START Supplied information

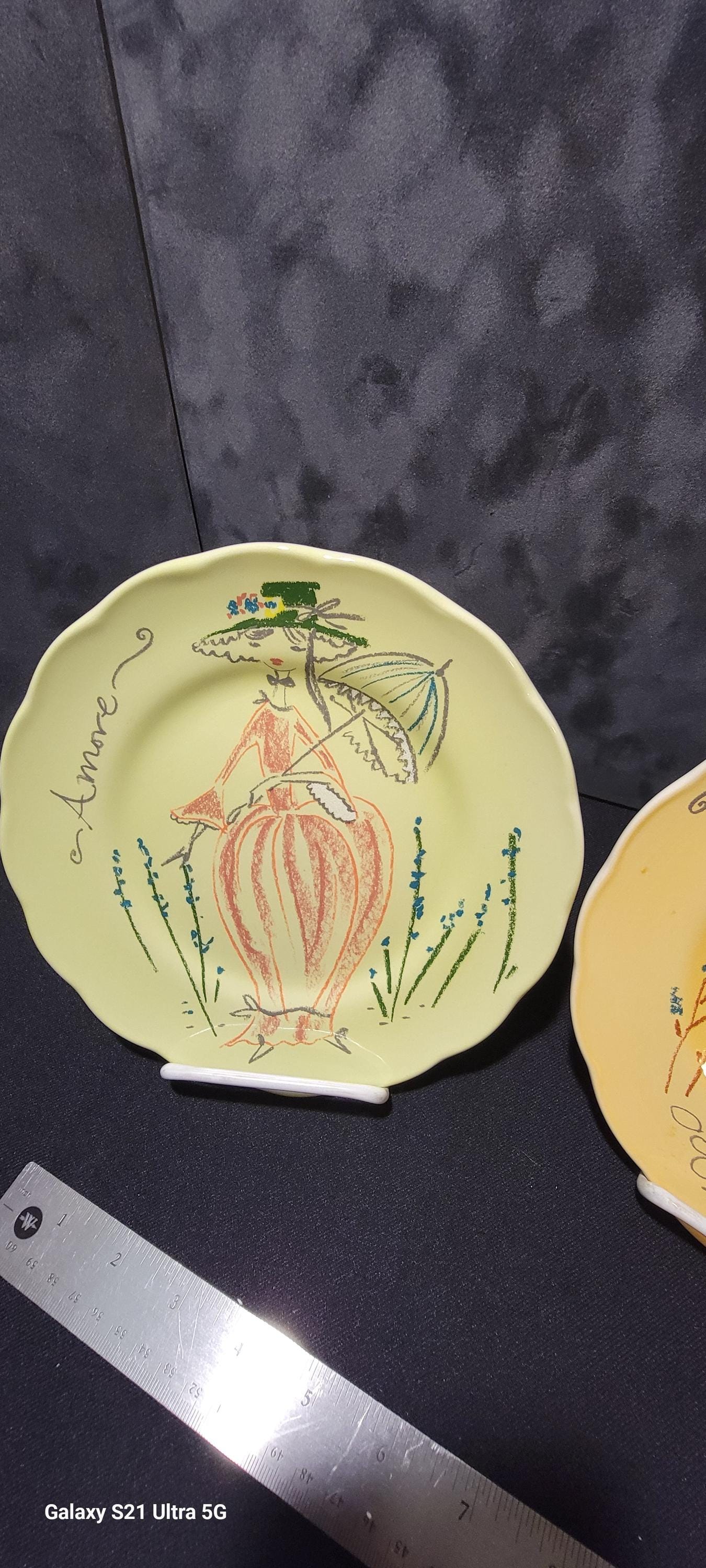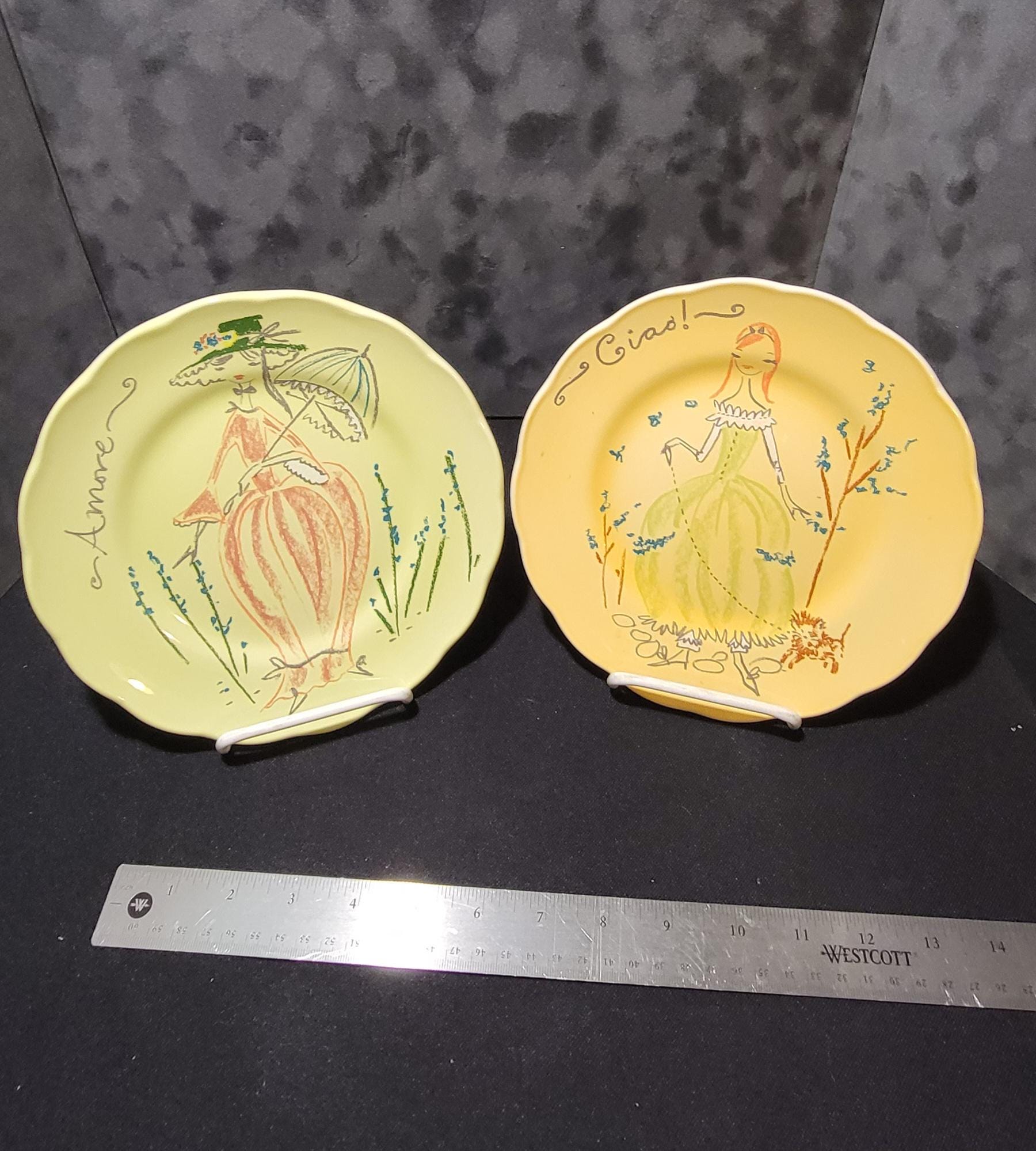 Each plate showcases a unique illustrated lady design with handwritten script details including “Amore” and “Ciao!”, giving them a romantic, artistic, and cottagecore aesthetic. The scalloped edges and warm yellow glaze make them perfect for display on a wall, shelf, or gallery arrangement.
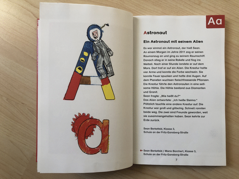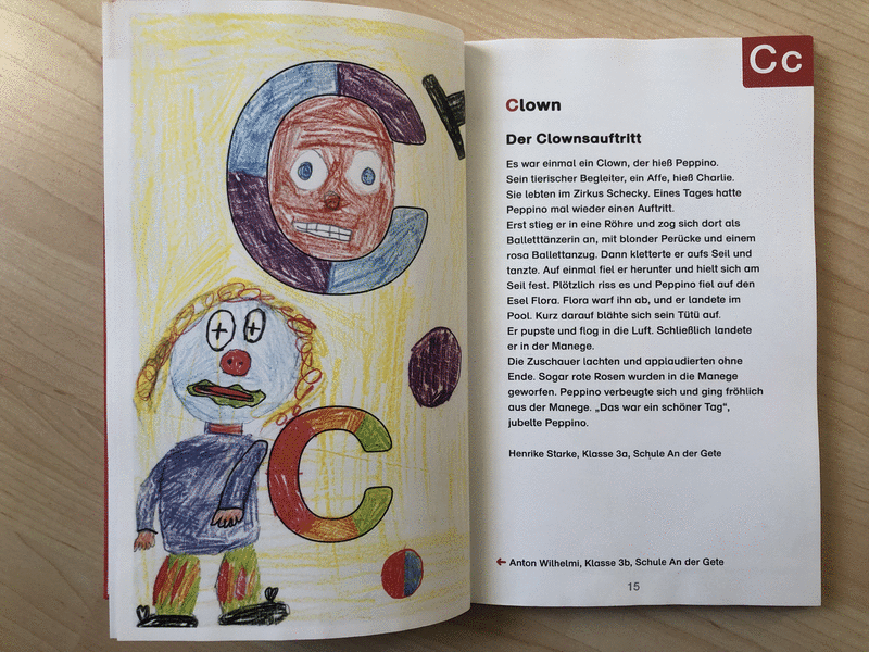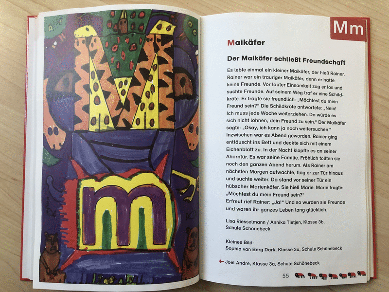 Bremer Kinder schreiben und malen für Kinder - Allererster Lesespaß. Früher, als es erst einige Buchstaben gab, kamen diese zusammen, um zu spielen. Zum Beispiel das A für die Ameisen, das E für den Esel, das I für den Igel und das V für den Vogel. Die Buchstaben fingen an herumzutollen, zu toben und zu springen. Sie kicherten und lachten vor Freude und Vergnügen. Plötzlich kam das I auf die Idee, das V auf seine Schulter zu nehmen. Das sah sehr komisch aus. Alle anderen Buchstaben staunten und riefen alle gemeinsam: „Sei willkommen, Du Ypsilon! Jetzt können wir auch unser großes Yak richtig buchstabieren!“ - Die Geschichten sind lustig geschrieben. Kinderbilder, Grundschüler, Buchstaben, Lesen lernen, Alphabet, lernen, Schreiben lernen, Das erste Buch e. V., Schule.
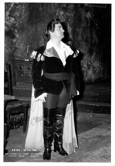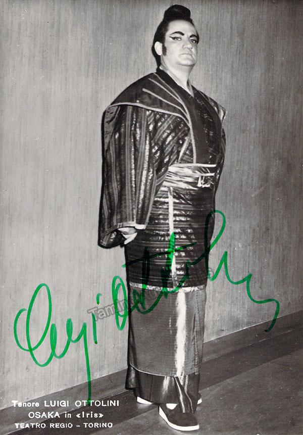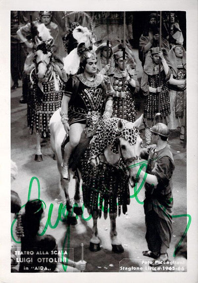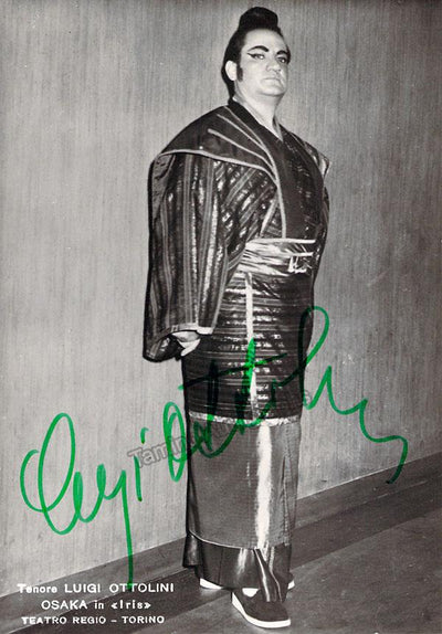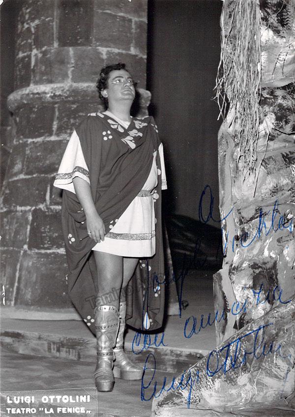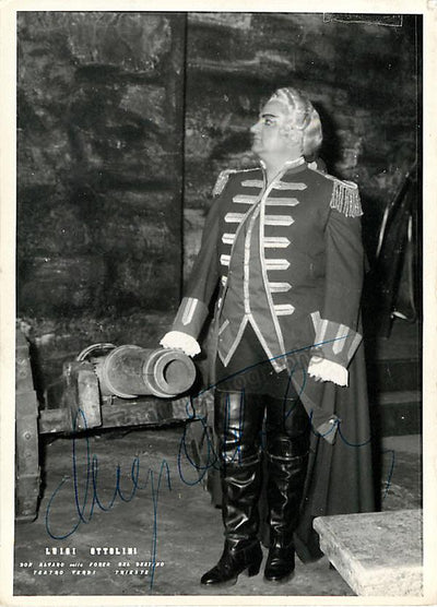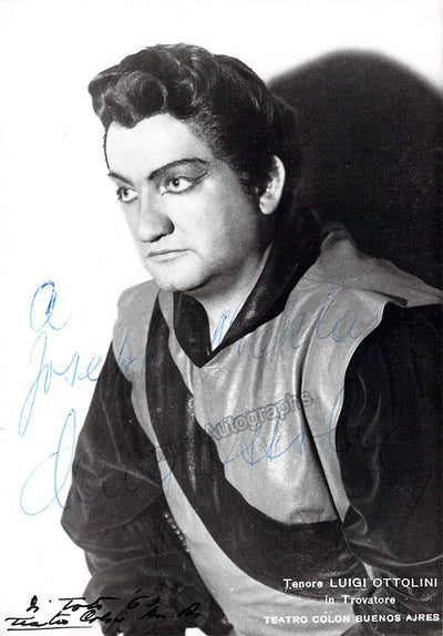 Signed photograph, shown as Riccardo in Verdi's Ballo in Maschera. Photo by Piccagliani, La Scala, Milan. Size is 4 x 5.75 inches, in excellent condition.

END Supplied information

-- Task --
Every line from the one containing "Bremer Kinder schreiben" to the end of the material above is to be returned exactly, with the pictures left out.

-- The completed task --
 Bremer Kinder schreiben und malen für Kinder - Allererster Lesespaß. Früher, als es erst einige Buchstaben gab, kamen diese zusammen, um zu spielen. Zum Beispiel das A für die Ameisen, das E für den Esel, das I für den Igel und das V für den Vogel. Die Buchstaben fingen an herumzutollen, zu toben und zu springen. Sie kicherten und lachten vor Freude und Vergnügen. Plötzlich kam das I auf die Idee, das V auf seine Schulter zu nehmen. Das sah sehr komisch aus. Alle anderen Buchstaben staunten und riefen alle gemeinsam: „Sei willkommen, Du Ypsilon! Jetzt können wir auch unser großes Yak richtig buchstabieren!“ - Die Geschichten sind lustig geschrieben. Kinderbilder, Grundschüler, Buchstaben, Lesen lernen, Alphabet, lernen, Schreiben lernen, Das erste Buch e. V., Schule.
 Signed photograph, shown as Riccardo in Verdi's Ballo in Maschera. Photo by Piccagliani, La Scala, Milan. Size is 4 x 5.75 inches, in excellent condition.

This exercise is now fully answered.